All of lore.kernel.org
 help / color / mirror / Atom feed
From: Mostafa Saleh <smostafa@google.com>
To: Will Deacon <will@kernel.org>
Cc: linux-mm@kvack.org, iommu@lists.linux.dev,
	linux-kernel@vger.kernel.org, linux-doc@vger.kernel.org,
	corbet@lwn.net, joro@8bytes.org, robin.murphy@arm.com,
	akpm@linux-foundation.org, vbabka@suse.cz, surenb@google.com,
	mhocko@suse.com, jackmanb@google.com, hannes@cmpxchg.org,
	ziy@nvidia.com, david@redhat.com, lorenzo.stoakes@oracle.com,
	Liam.Howlett@oracle.com, rppt@kernel.org,
	Qinxin Xia <xiaqinxin@huawei.com>
Subject: Re: [PATCH v2 3/4] drivers/iommu-debug-pagealloc: Track IOMMU pages
Date: Mon, 24 Nov 2025 12:37:31 +0000	[thread overview]
Message-ID: <aSRRizzS39jI3BjH@google.com> (raw)
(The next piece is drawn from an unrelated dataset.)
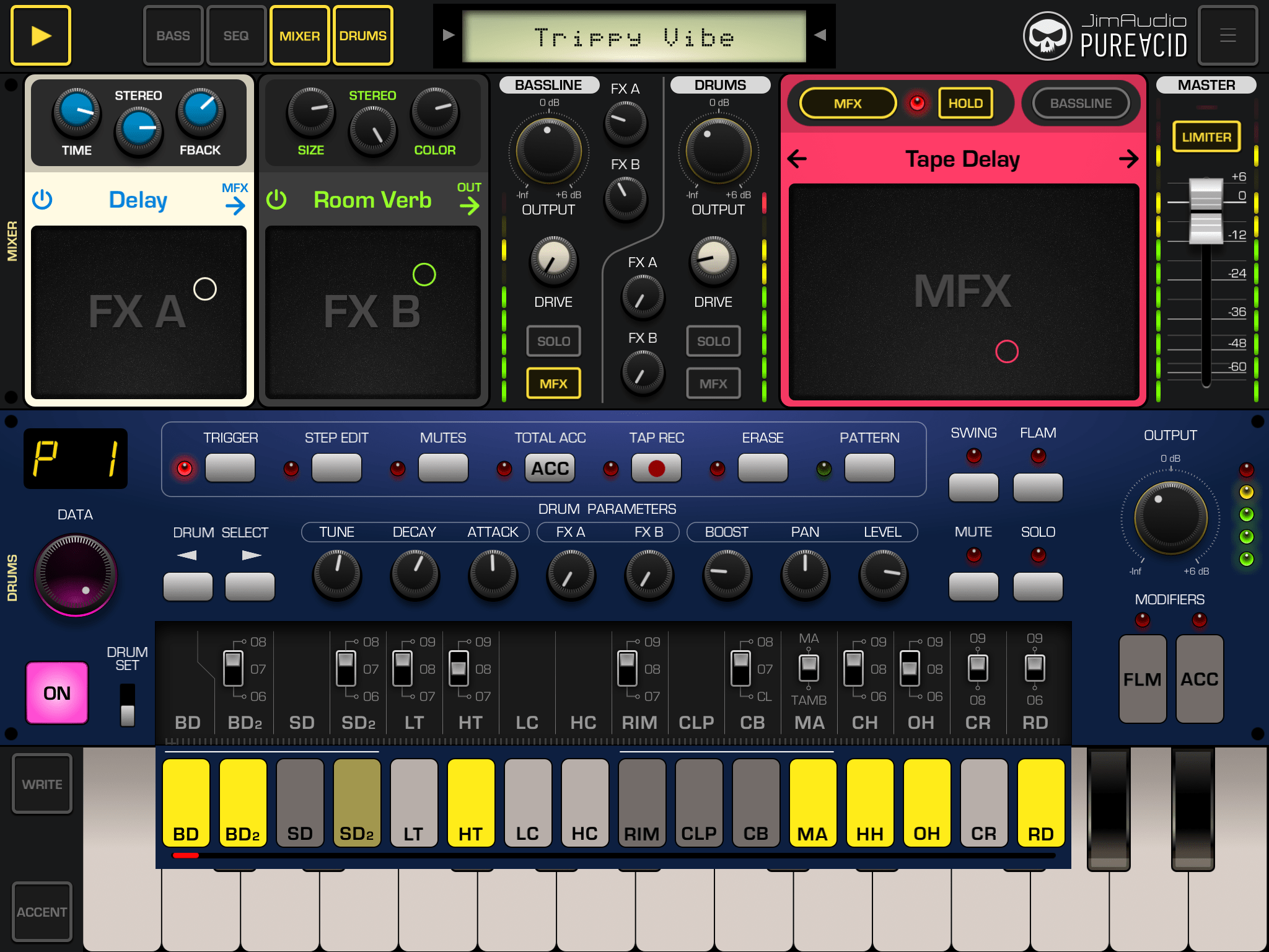 Das Einspielen oder Programmieren eigener Pattern gelingt am einfachsten, wenn man eine rhythmische Basis mit einem Drumbeat kreiert. Die gewünschten Drumsounds lassen sich bequem selektieren und mit den darüber platzierten Drehreglern anpassen. Die generierten Drumpattern sind per Swing- und Flam-Funktion (Mehrfachanschlag) lebendig modellierbar. Ein Pattern kann bis zu 16 Steps lang sein und in 12 Pattern- und vier Fill-Slots gespeichert werden. Pure Acid bietet 35 authentisch klingende Drumsounds zur Auswahl, die für ordentlich Druck sorgen.

In-Reply-To: <aRW6Tf_G2ObR__vE@willie-the-truck>

On Thu, Nov 13, 2025 at 11:00:29AM +0000, Will Deacon wrote:
> On Thu, Nov 06, 2025 at 04:39:52PM +0000, Mostafa Saleh wrote:
> > Using the new calls, use an atomic refcount to track how many times
> > a page is mapped in any of the IOMMUs.
> > 
> > For unmap we need to use iova_to_phys() to get the physical address
> > of the pages.
> > 
> > We use the smallest supported page size as the granularity of tracking
> > per domain.
> > This is important as it possible to map pages and unmap them with
> > larger sizes (as in map_sg()) cases.
> > 
> > Signed-off-by: Mostafa Saleh <smostafa@google.com>
> > Tested-by: Qinxin Xia <xiaqinxin@huawei.com>
> > ---
> >  drivers/iommu/iommu-debug-pagealloc.c | 74 +++++++++++++++++++++++++++
> >  1 file changed, 74 insertions(+)
> > 
> > diff --git a/drivers/iommu/iommu-debug-pagealloc.c b/drivers/iommu/iommu-debug-pagealloc.c
> > index a6a2f844b09d..0e14104b971c 100644
> > --- a/drivers/iommu/iommu-debug-pagealloc.c
> > +++ b/drivers/iommu/iommu-debug-pagealloc.c
> > @@ -27,16 +27,90 @@ struct page_ext_operations page_iommu_debug_ops = {
> >  	.need = need_iommu_debug,
> >  };
> >  
> > +static struct page_ext *get_iommu_page_ext(phys_addr_t phys)
> > +{
> > +	struct page *page = phys_to_page(phys);
> > +	struct page_ext *page_ext = page_ext_get(page);
> > +
> > +	return page_ext;
> > +}
> > +
> > +static struct iommu_debug_metadate *get_iommu_data(struct page_ext *page_ext)
> > +{
> > +	return page_ext_data(page_ext, &page_iommu_debug_ops);
> > +}
> > +
> > +static void iommu_debug_inc_page(phys_addr_t phys)
> > +{
> > +	struct page_ext *page_ext = get_iommu_page_ext(phys);
> > +	struct iommu_debug_metadate *d = get_iommu_data(page_ext);
> > +
> > +	WARN_ON(atomic_inc_return(&d->ref) <= 0);
> 
> Is it worth dumping some information about the page in addition to the
> WARN_ON()? That way, you might be able to benefit from other debug
> options (e.g. PAGE_OWNER) if they are enabled.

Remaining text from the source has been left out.